PR moment: Behind the story – Newspaper Licensing Authority’s new web licence proposals

PRmoment reports today on the PR professionals that are blogging, campaigning and petitioning to fight Newspaper Licensing Authority’s new web licence proposals

[…]

Stephen Waddington, managing director of PR agency Speed, has been stirring up the debate about the NLA’s proposals on Twitter, where there is also a Public Relations Consultants Association (PRCA) Twitter petition for the NLA to scrap these new charges. Waddington has also blogged extensively about the subject.  He says that one of the problems is caused by the NLA not adequately making clear how the new license works, leading to the PR industry becoming fixated with the idea that URLs should not be licensed. He explains: “This issue is not about licensing URLs; the PR industry has jumped on this headline because the NLA has failed to properly explain the issues that its members face, and the rationale of the new licence.”

“The legal argument of commercial versus non-commercial use of web content is sound and the licence stacks up in the context of the social web. If you are scrapping or recording content from a website and not providing links back, you should expect different terms from social web users.”

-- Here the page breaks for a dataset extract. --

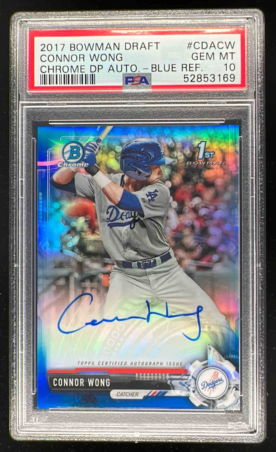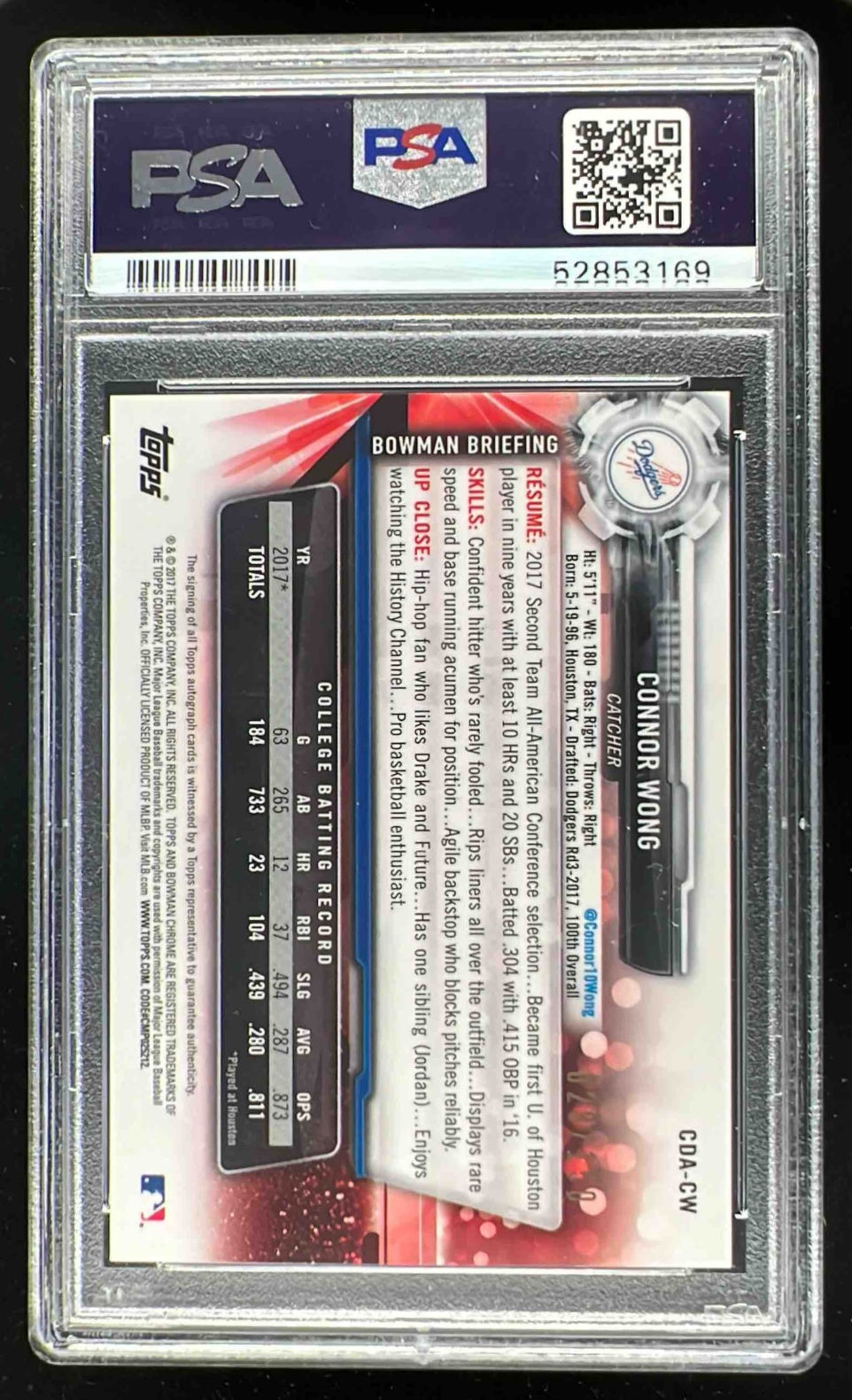 2017 Bowman Draft Chrome Pick Blue Refractor #CDACW Connor Wong Auto /150 PSA 10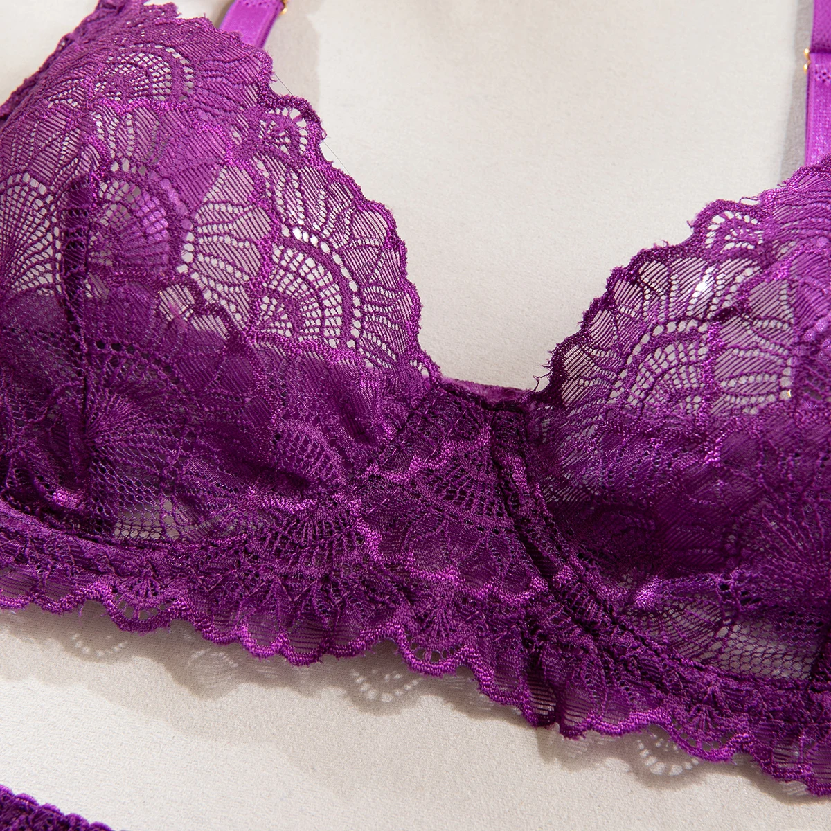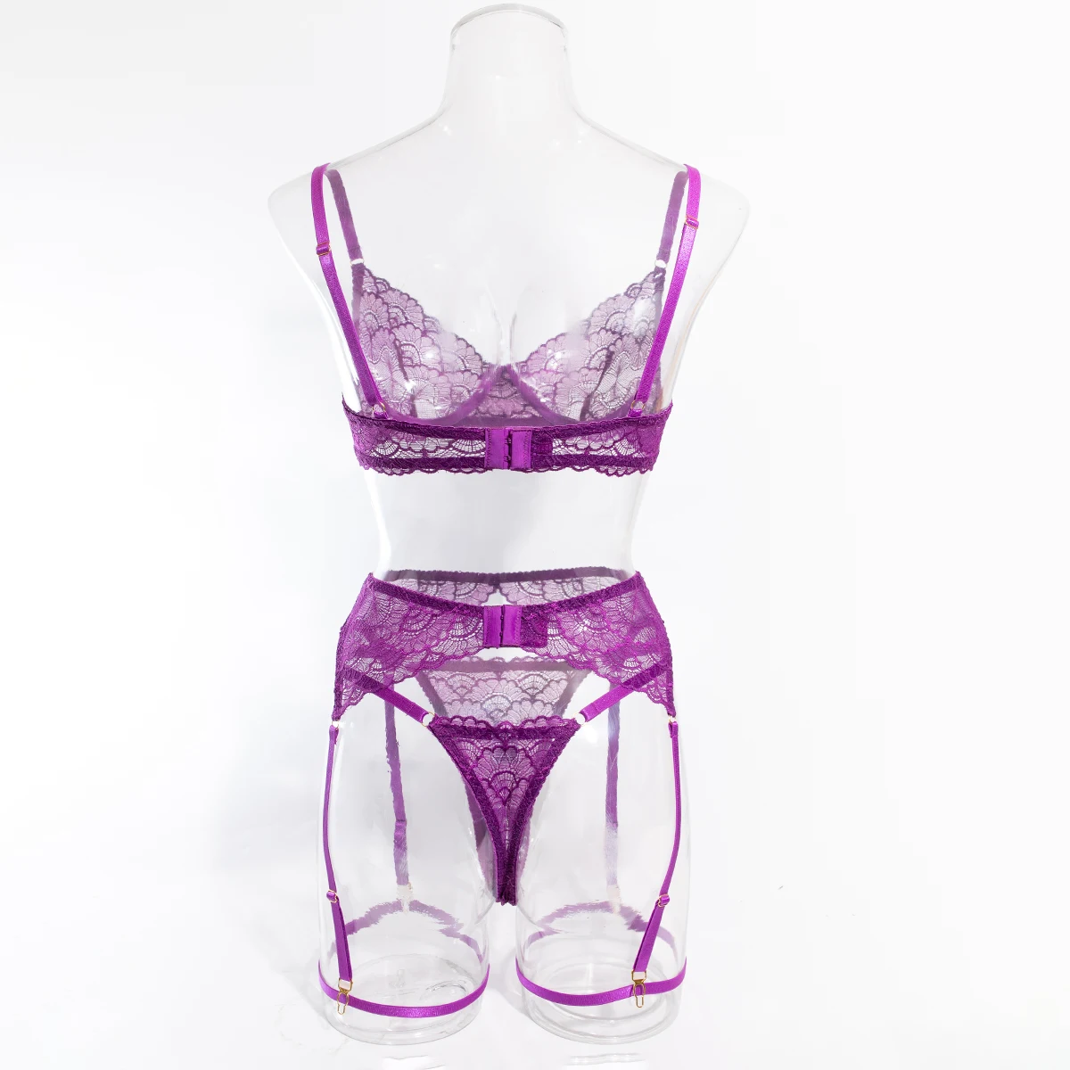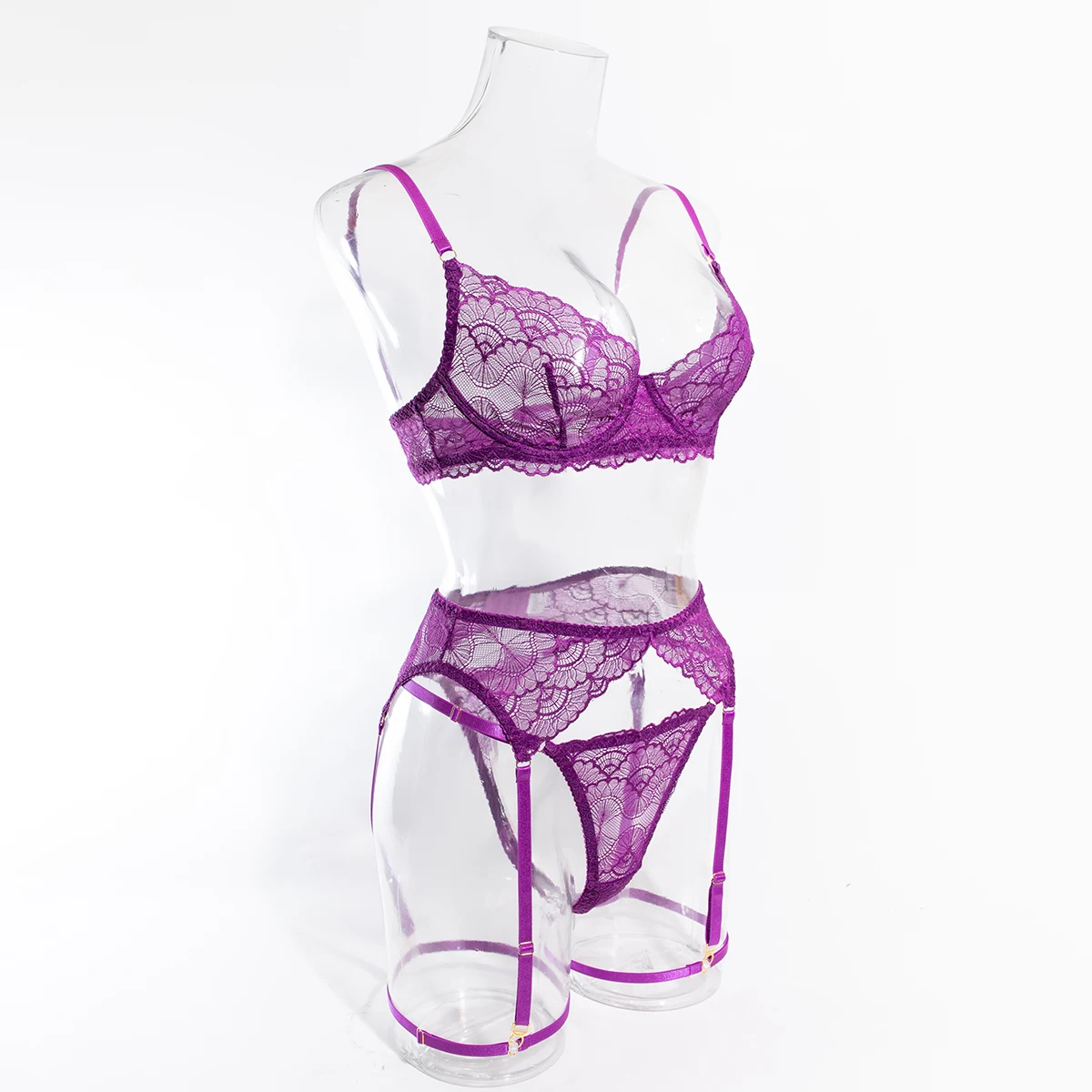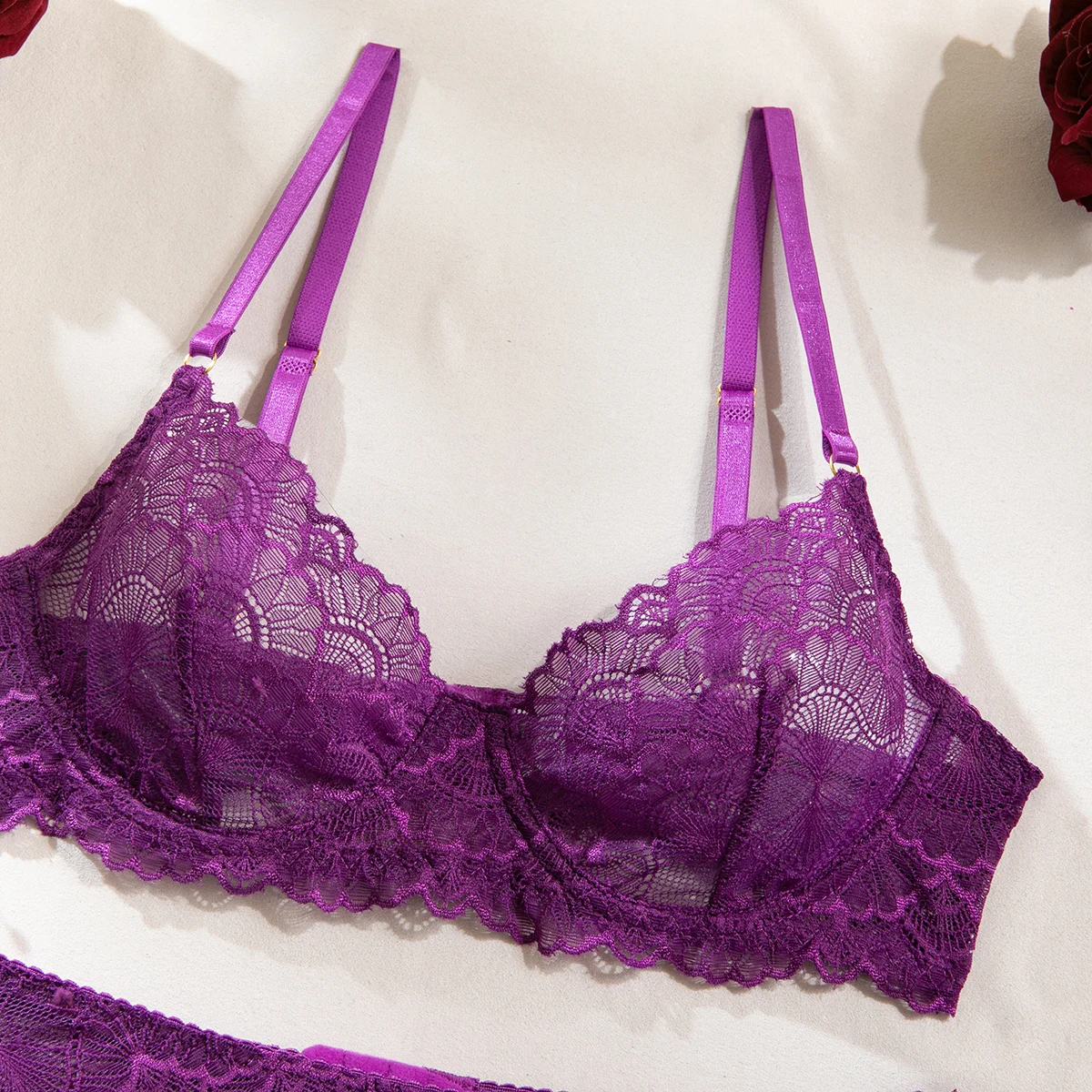 Ensemble de 4 pièces de Lingerie Sexy ajourée en dentelle noire, soutien-gorge et tongs transparents à volants

Waddington believes the problem is that the NLA is attempting to create a licence model too late, and attempting to fit it to a structure that is too large and complex. He says: “Retrofitting a licensing model on an open network is flawed and fraught with loopholes. For example, the NLA isn’t pursuing Google because it claims Google News is not a genuine substitute for a professional media monitoring service, yet in my experience it is the PR industry’s frontline web clipping service.”

Waddington states that self-certification combined with ad hoc audits is the only way that the NLA will be able to enforce the new licensing fee. He concludes: “The web licence will go ahead but technology will ultimately dictate the conclusion of this debate.”